*DESCRIPTION OF THE TASK*
First find the line with "会议中,由学校的数学骨干教师" in the entries below, then set down exactly every line through the line with "Calendar and clock", that line included.

*DATA FOR REVIEW*
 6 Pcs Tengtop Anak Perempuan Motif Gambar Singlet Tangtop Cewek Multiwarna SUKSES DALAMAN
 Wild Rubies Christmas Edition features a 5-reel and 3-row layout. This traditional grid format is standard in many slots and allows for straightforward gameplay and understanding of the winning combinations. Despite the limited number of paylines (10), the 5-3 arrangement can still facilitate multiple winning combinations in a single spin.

==

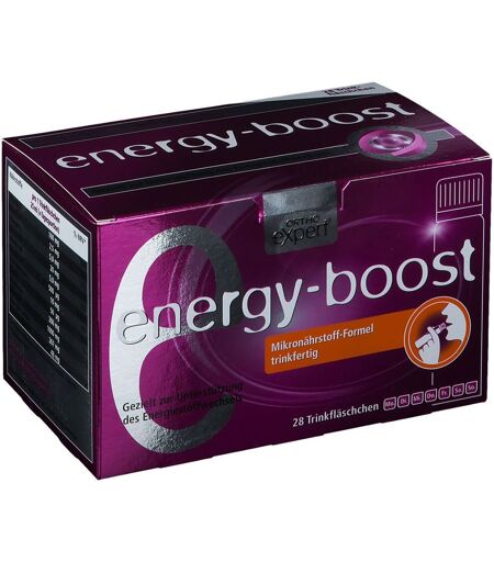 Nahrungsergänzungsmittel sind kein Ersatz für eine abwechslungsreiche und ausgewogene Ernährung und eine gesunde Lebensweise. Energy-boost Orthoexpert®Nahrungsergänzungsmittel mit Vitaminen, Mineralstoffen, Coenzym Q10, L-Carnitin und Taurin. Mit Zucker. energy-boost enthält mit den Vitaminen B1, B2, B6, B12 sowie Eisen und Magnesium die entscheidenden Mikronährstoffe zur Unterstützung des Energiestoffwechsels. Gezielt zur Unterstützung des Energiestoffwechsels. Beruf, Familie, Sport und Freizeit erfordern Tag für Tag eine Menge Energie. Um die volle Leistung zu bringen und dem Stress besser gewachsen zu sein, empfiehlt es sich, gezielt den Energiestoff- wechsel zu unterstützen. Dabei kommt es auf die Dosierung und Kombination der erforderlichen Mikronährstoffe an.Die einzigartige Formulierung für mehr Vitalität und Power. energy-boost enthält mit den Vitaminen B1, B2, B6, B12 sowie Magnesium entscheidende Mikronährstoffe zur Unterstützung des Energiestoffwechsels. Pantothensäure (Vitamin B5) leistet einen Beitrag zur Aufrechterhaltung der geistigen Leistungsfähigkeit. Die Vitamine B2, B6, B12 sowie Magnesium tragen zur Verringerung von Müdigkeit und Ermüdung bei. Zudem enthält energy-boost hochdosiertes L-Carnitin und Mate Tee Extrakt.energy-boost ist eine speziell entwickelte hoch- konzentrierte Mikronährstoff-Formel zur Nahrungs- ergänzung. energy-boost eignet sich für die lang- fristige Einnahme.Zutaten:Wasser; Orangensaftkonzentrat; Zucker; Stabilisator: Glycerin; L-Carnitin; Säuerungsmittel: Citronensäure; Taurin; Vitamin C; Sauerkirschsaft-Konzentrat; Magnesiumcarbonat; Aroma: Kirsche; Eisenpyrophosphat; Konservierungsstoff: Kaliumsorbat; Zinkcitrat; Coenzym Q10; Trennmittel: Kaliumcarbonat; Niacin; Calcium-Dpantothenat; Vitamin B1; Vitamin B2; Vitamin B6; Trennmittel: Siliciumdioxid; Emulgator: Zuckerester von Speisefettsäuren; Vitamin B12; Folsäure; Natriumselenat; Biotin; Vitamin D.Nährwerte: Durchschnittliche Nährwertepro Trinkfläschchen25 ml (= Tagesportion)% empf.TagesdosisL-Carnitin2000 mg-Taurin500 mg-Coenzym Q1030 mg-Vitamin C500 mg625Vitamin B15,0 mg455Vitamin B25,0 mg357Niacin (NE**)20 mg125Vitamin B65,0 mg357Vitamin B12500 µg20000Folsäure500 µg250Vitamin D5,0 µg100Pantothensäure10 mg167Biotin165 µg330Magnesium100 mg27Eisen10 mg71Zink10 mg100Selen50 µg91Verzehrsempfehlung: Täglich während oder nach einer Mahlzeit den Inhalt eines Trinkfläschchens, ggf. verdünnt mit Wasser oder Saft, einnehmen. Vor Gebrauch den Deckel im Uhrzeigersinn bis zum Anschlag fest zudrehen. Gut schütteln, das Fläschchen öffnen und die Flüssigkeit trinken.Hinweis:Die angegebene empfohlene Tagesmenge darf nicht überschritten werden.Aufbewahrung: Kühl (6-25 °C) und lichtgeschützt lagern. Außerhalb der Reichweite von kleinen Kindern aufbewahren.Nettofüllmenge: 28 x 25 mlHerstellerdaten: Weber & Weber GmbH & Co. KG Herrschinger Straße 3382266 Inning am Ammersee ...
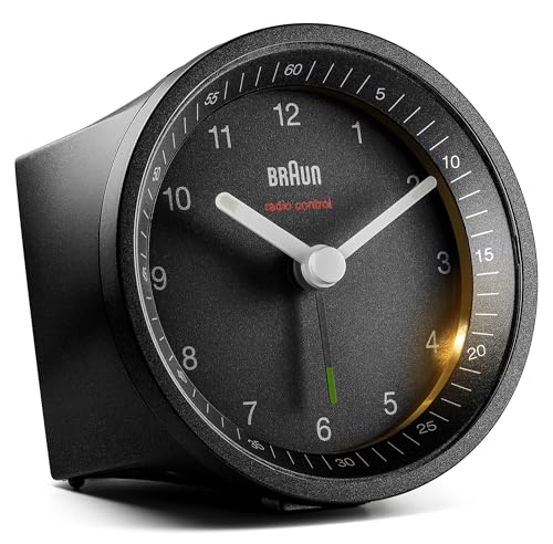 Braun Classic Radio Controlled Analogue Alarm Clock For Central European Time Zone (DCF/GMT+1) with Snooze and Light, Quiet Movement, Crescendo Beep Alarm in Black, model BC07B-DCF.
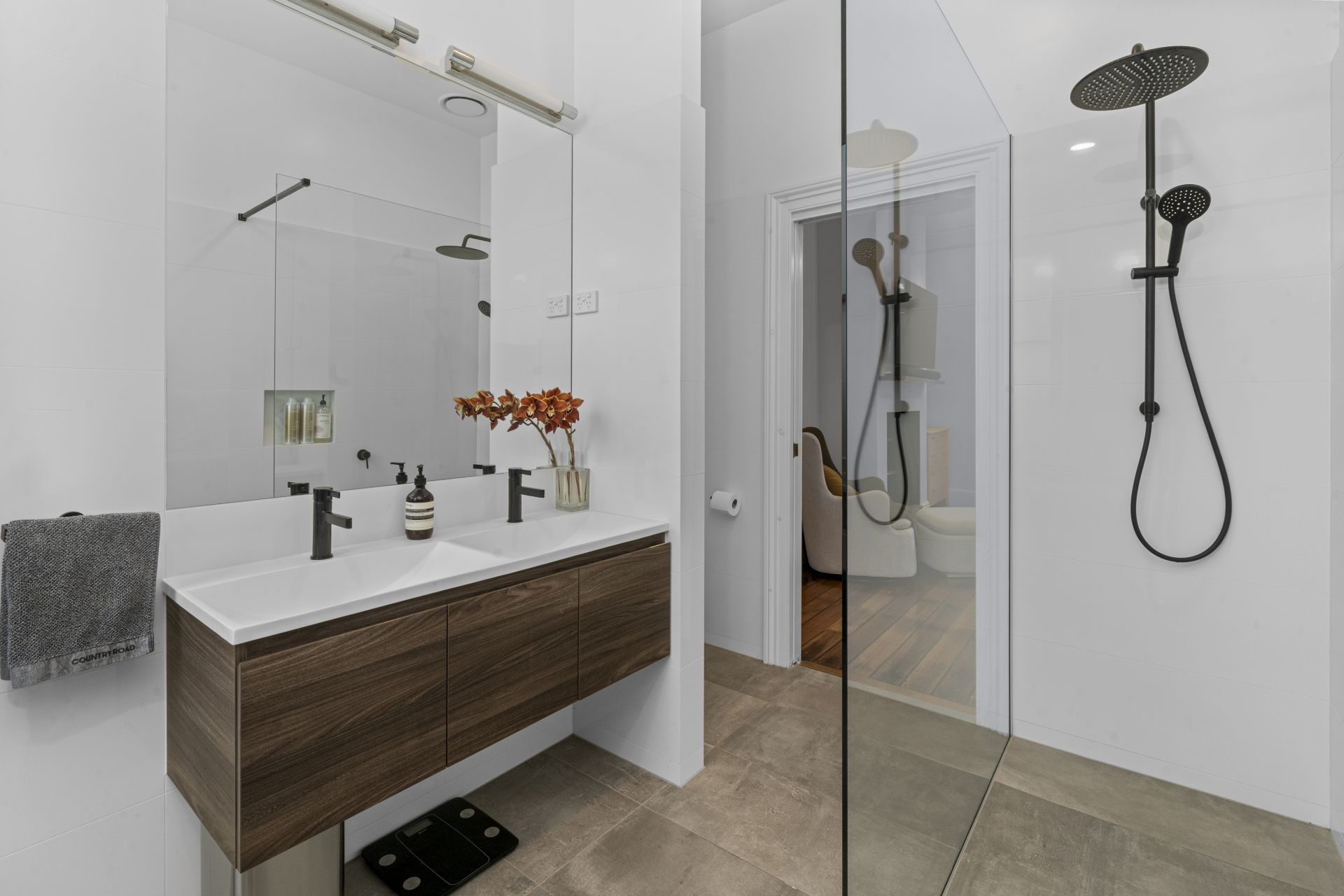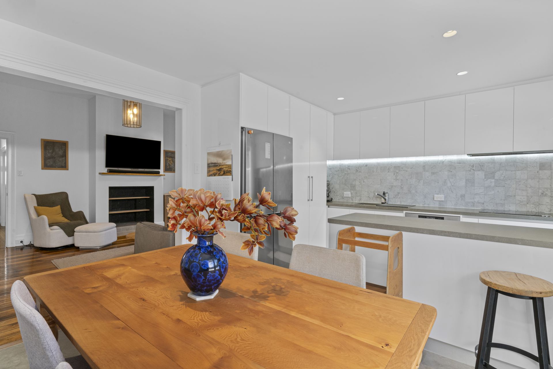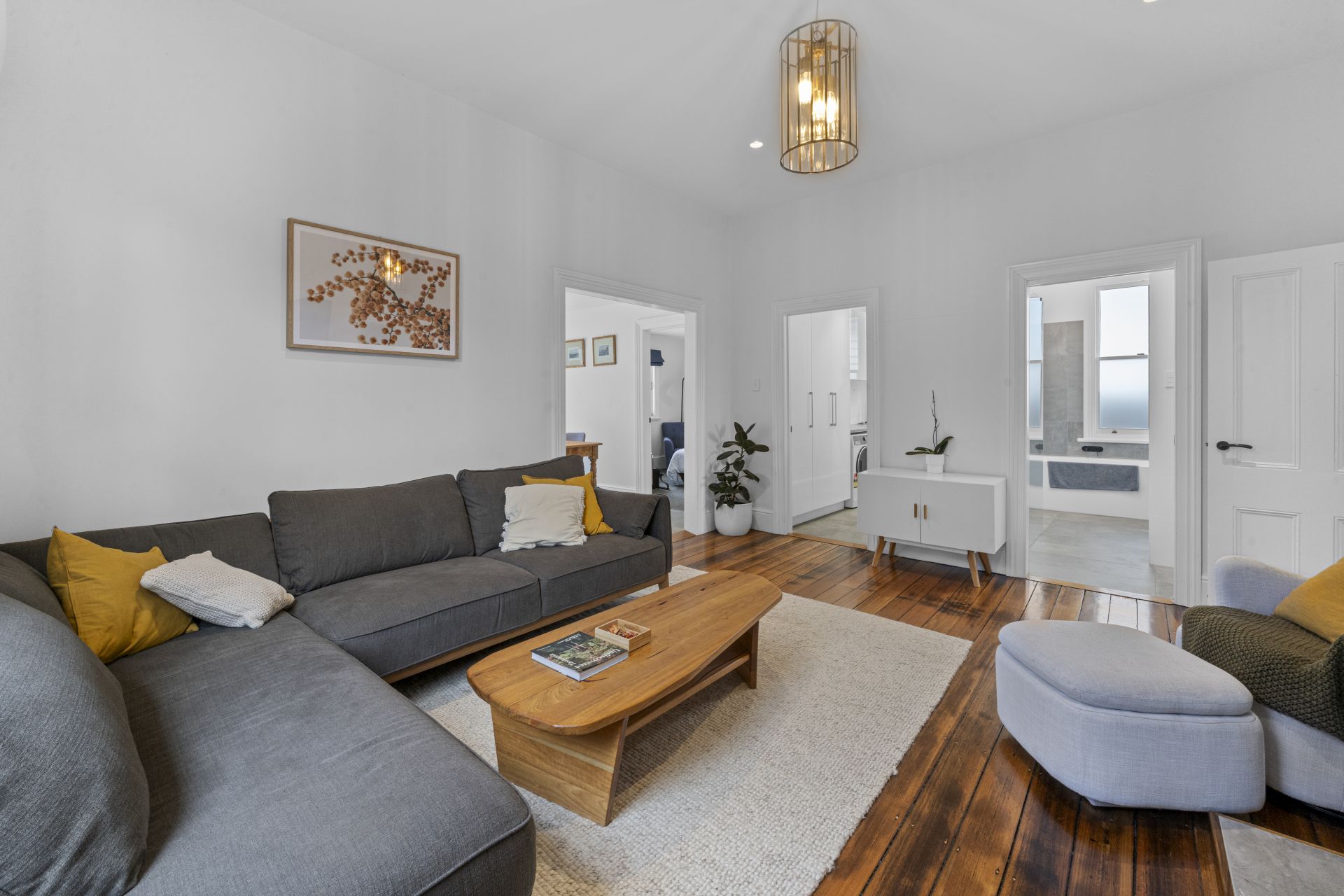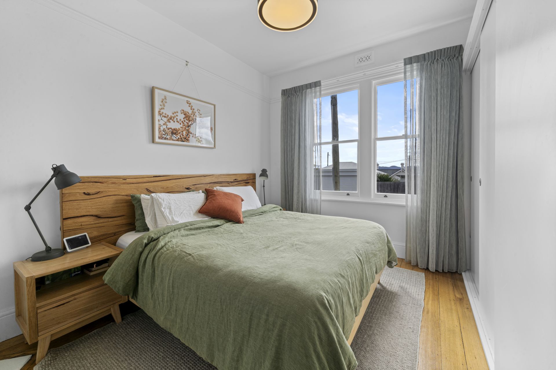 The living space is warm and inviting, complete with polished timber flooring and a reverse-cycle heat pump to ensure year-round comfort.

* * *

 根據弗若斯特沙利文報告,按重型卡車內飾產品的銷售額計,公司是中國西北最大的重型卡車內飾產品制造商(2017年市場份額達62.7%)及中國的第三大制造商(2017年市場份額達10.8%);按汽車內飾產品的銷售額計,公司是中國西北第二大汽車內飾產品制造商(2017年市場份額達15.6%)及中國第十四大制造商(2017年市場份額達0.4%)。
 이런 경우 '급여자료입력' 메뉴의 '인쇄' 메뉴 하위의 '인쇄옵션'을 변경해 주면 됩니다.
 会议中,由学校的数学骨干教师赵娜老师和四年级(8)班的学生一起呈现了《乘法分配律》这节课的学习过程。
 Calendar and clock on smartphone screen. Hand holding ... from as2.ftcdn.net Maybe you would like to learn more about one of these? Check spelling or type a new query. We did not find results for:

*RESULT OF THIS TASK*
 会议中,由学校的数学骨干教师赵娜老师和四年级(8)班的学生一起呈现了《乘法分配律》这节课的学习过程。
 Calendar and clock on smartphone screen. Hand holding ... from as2.ftcdn.net Maybe you would like to learn more about one of these? Check spelling or type a new query. We did not find results for:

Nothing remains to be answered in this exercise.